# Should we let him fly outside a bit?



## ClaireinTX (Sep 1, 2009)

Hi,
I'm wondering about the pros and cons of letting our pet pigeon Rocky have a bit of free time outside occasionally.

For background, here's the link to a (far-too-lengthy) update I posted recently about our adventures with him. Rocky the Wonderpigeon

The short version is that he's a rescued feral who has lived with us in an indoor cage for two years. He was found being mistreated by some kids in a park and, after some TLC, shipped from his rescuer in California to us in Texas. He's an only bird and seems very bonded to my son and to me. However, he will fly to pretty much anyone who comes to visit. My theory is that he was a hand-raised baby who was released w/out being socialized. He was about four months old when we got him.

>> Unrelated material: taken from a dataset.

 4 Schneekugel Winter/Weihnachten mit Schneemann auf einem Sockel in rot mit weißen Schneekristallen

He loves to fly and gets free time in the house every evening. He also has an outdoor flight pen that he hangs out in a few times/week, but he never flies around much there. I'd love to be able to let him take a spin around the back yard, but I don't want to risk his safety. 

I've read here about people whose feral pigeons get to spend time out like that, but I think those may have been born at the home where they now live. Would anyone like to weigh in?

Thanks,
Claire in Texas


----------



## Libis (Oct 8, 2010)

I think it's safer in the pen or in the house. A lone pigeon is a dinner invite for a hawk.


----------



## ClaireinTX (Sep 1, 2009)

When we build an outside home for him, we'd like to get more birds. Well, I'd like to just get him a mate, but my son has a more elaborate plan. 

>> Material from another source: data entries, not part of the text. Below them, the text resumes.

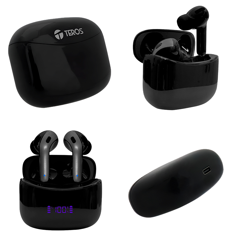 AudÃfonos TerosTE-8074N, con bluetooth 5.3, TWS, control por toque y un alcance de transmisión de 10 metros, ofrecen hasta 5.5 horas de reproducción, 4 horas de conversación y 150 horas en reposo, equipados con baterÃa de 40 mAh en los audÃfonos y 400 mAh en el estuche, con carga rápida en 1 - 2 horas mediante puerto USB tipo C, diseño resistente al agua con certificación IPX5, color negro
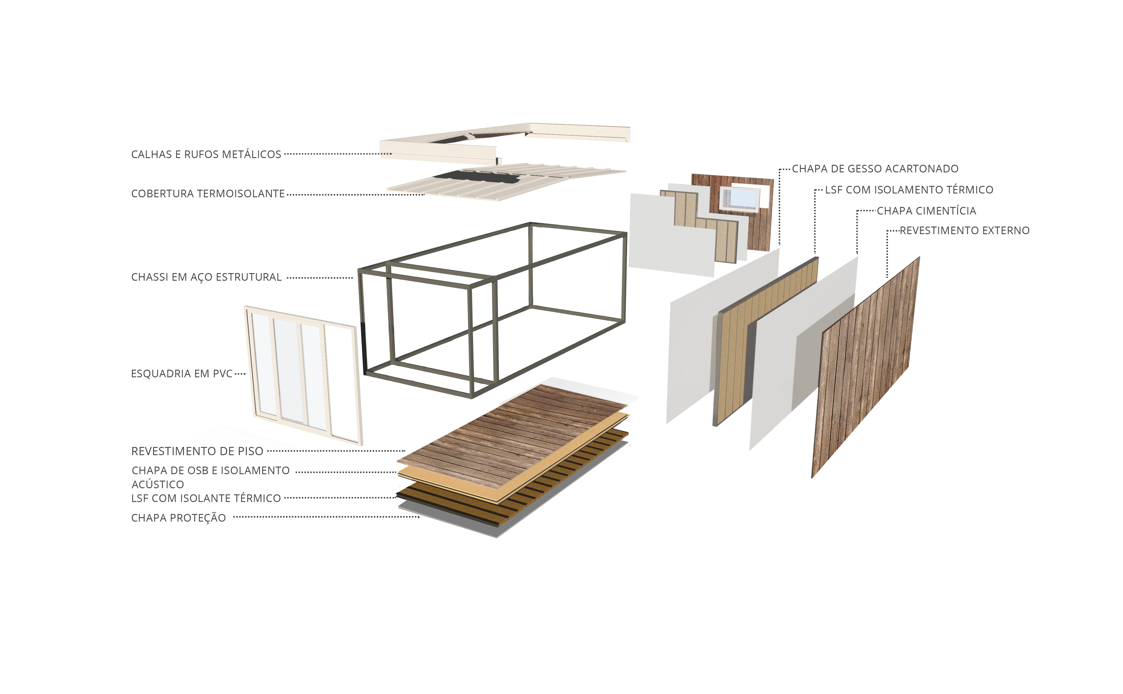 O uso do chassi de perfis de aço com dimensões modulares proporciona versatilidade estrutural e maior liberdade arquitetônica. Eles podem ser justapostos, posicionados em balanço, apoiados em fundações pontuais e ainda facilitam o transporte, montagem e desmontagem quando necessário.
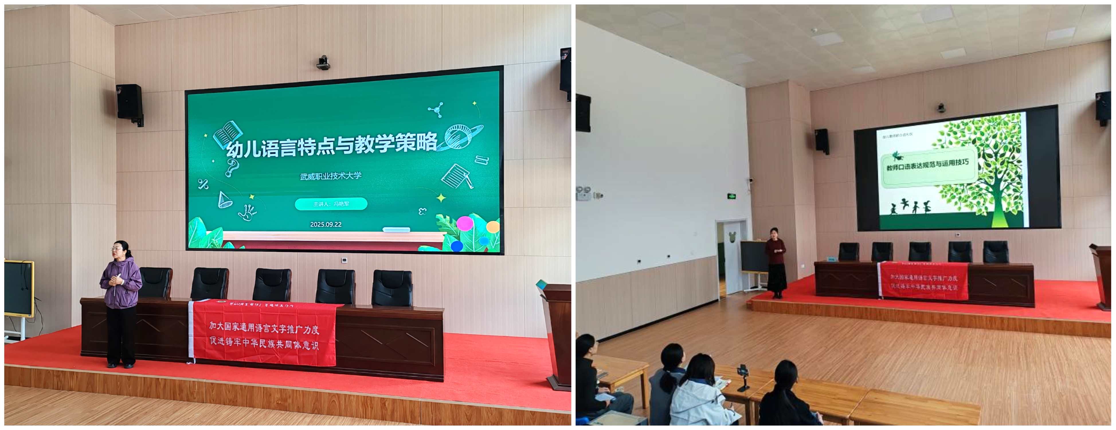 近日,武威職業(yè)技術(shù)大學(xué)推普志愿團(tuán)隊一行赴甘南州勒秀鎮(zhèn)學(xué)前教育集團(tuán)開展“童語童音”專項培訓(xùn)活動。此次培訓(xùn)以“提升教師語言素養(yǎng),夯實學(xué)前語言教育根基”為目標(biāo),為當(dāng)?shù)?1所幼兒園的20余名保教人員送去精準(zhǔn)化、實操性強(qiáng)的教學(xué)指導(dǎo),切實助力民族地區(qū)學(xué)前語言教育質(zhì)量提升。
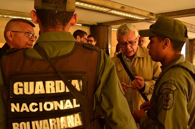 La CANTV "atiende" con la Guardia Nacional y no con los funcionarios obligados a dar respuesta. Los agentes conminaron al grupo de Aporrea (que iba a buscar respuesta a una carta de reclamo por bloqueo) a abandonar el recinto de recepción a la entrada de CANTV. Gonzalo Gómez, de Aporrea, explica la situación a los de la GNB, para que no se confundan y que brinden apoyo a ciudadanos que reclaman derechos; no a quienes se los violan
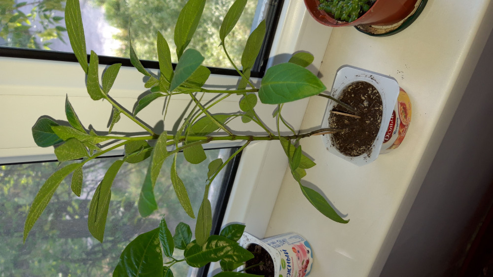 Из 5 семян взошло только одно, но крепенький такой росточек. Посмотрим что дальше будет. У детей куча восторгов от этой экзотики и большие ожидания!

My son want to get him another rescue for a mate and then let them have one set of babies. His plan is to next find rescue mates for the two offspring for a total of six birds. He thinks this would be a nice-sized group and they'd possibly be able to fly free occasionally. 

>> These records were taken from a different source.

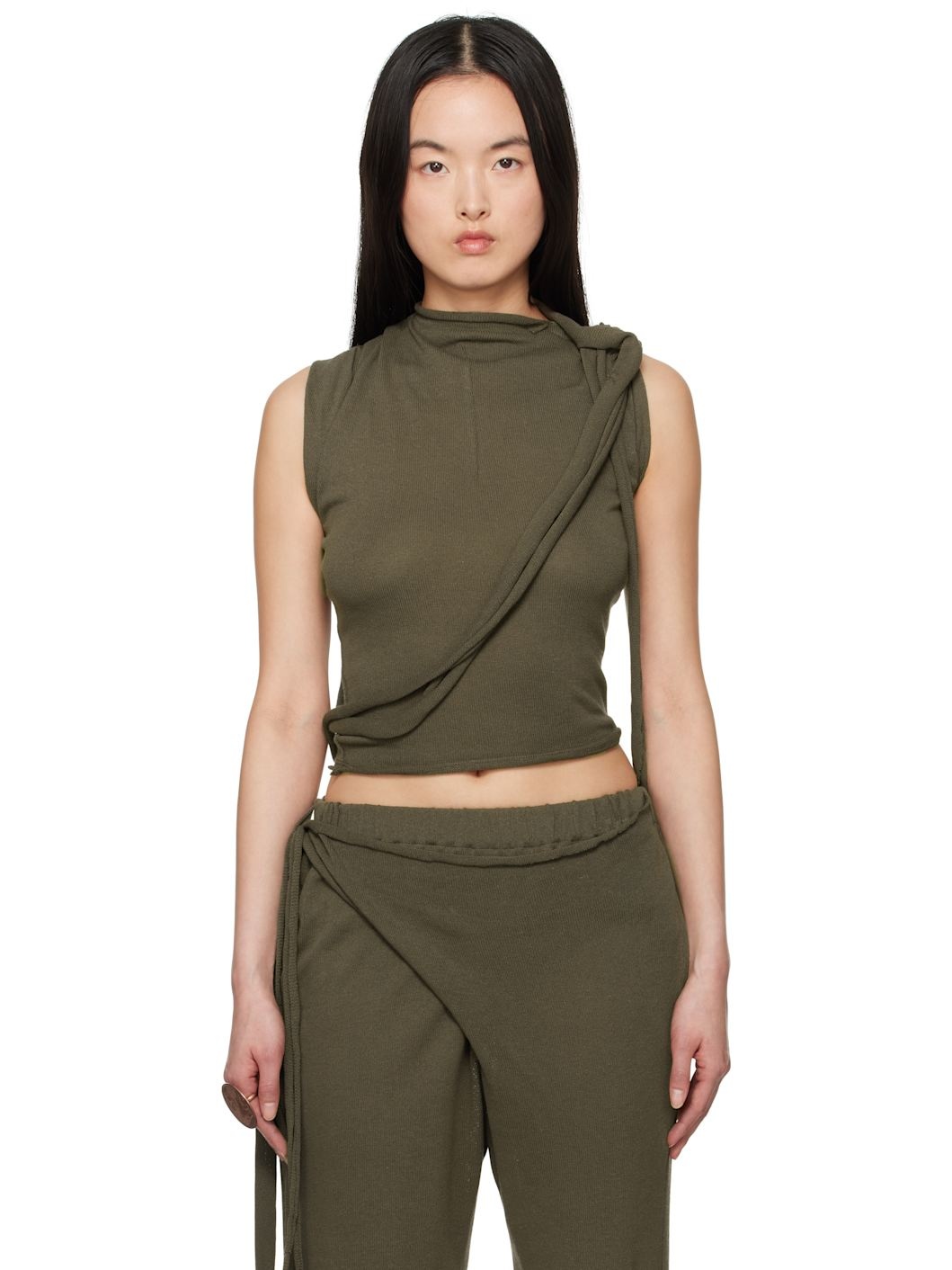 Knit viscose-blend tank top. Rolled raw edges throughout. · Mock neck · Dart at front · Extended trim at cropped hem and armscyes · Concealed press-stud closure at shoulder Supplier color: Green 60% viscose, 20% recycled viscose, 20% linen. Made in Greece 251016F111004
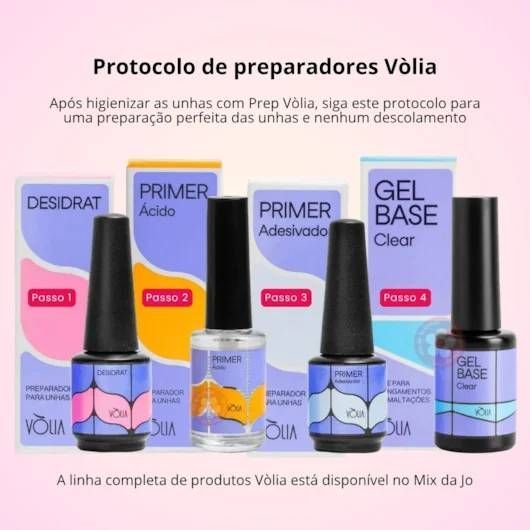 Ordem certinha de uso (preparo da unha com Vòlia) 1. Higienizador / Prep das mãos e unhas Objetivo: tirar sujeira, microrganismos e deixar a unha pronta para receber os produtos. 2. Desidrat Vòlia (PREPARADOR – passo 1) Função: remover oleosidade e umidade da placa ungueal, preparando para o primer. 3. Primer (ácido ou sem ácido, conforme o sistema que você usa) Normalmente a Vòlia trabalha com primer após o Desidrat: Da dúvida de qual primer usar: Primer Ácido: para unhas com maior descolamento e/ou mãos que suam muito. Primer Adesivador: todos os tipos de unhas Se tiver muito problemas com descolamento, pode ser usado os dois em conjunto, para maior aesão Função: criar ponte de adesão entre a unha e o gel/base, evitando descolamento. 4. Base em gel / Gel base Função: fazer a “ancoragem” do alongamento ou do gel de construção. 5. Gel de construção / alongamento Aqui entra o produto principal que você estiver usando da Vòlia: * A Volia tem 4 diferentes tipos de gel, Hybrid, Classic, classic Hard e Control Hybrid: Último Lançamento, viscosidade híbrida, média a alta, o melhor para trabalhar com Molde F1, autonivelante e cobertura moderada Classic: o tradicional, viscosidade média, autonivelante, cobertura natural Classic Hard: ideal para ser usado na borda livre do alongamento, alto ardor Control: Alta Viscosidade, Nivelamento Controlado, Alta Cobertura 8. Finalizador / Top coat * Finalizador de Alto Brilho, sem goma, maior resistência a riscos.
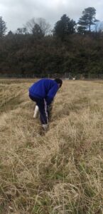 昨日より岡村氏、急いでタマネギ&ニンニクの草取り。
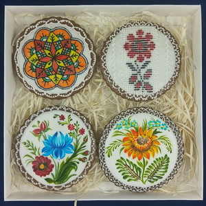 У наших тарілках, шоперах, пряниках та сувенірах ви побачите поєднання традиційних елементів Петриківського розпису, орнаментів писанок різних регіонів України та авторського стилю.

I think we don't have enough information or experience to know if this could work, so am taking it one step at a time. As it stands, we probably won't even transition Rocky to an outside loft until next spring. 

What would be a safe number of birds to allow to fly? Is six still too small a group? In my son's scenario, only two of them would be born here.


----------



## Libis (Oct 8, 2010)

ClaireinTX said:


> When we build an outside home for him, we'd like to get more birds. Well, I'd like to just get him a mate, but my son has a more elaborate plan.
> 
> My son want to get him another rescue for a mate and then let them have one set of babies. His plan is to next find rescue mates for the two offspring for a total of six birds. He thinks this would be a nice-sized group and they'd possibly be able to fly free occasionally.
> 
> ...


The other trick here will be making sure that all the birds are re-homed to your house. This can be done (though it is very difficult if you get homers/racers), and there should be information on it on the site. The easiest way is to keep your breeder birds as "prisoners" on one side of the loft where they have access to an enclosed aviary and to only free fly birds who are born in your loft. 

I'm not sure about the number required for just flying around the house. Are there as many hawks in Texas as there are in NE? (We see about 2 hawks 1 owl and 1 falcon regularly within about a 3 block radius.) I think part of it would really have to do with the number of predators. There are lots of members here from Texas, so they would be the best to ask.


----------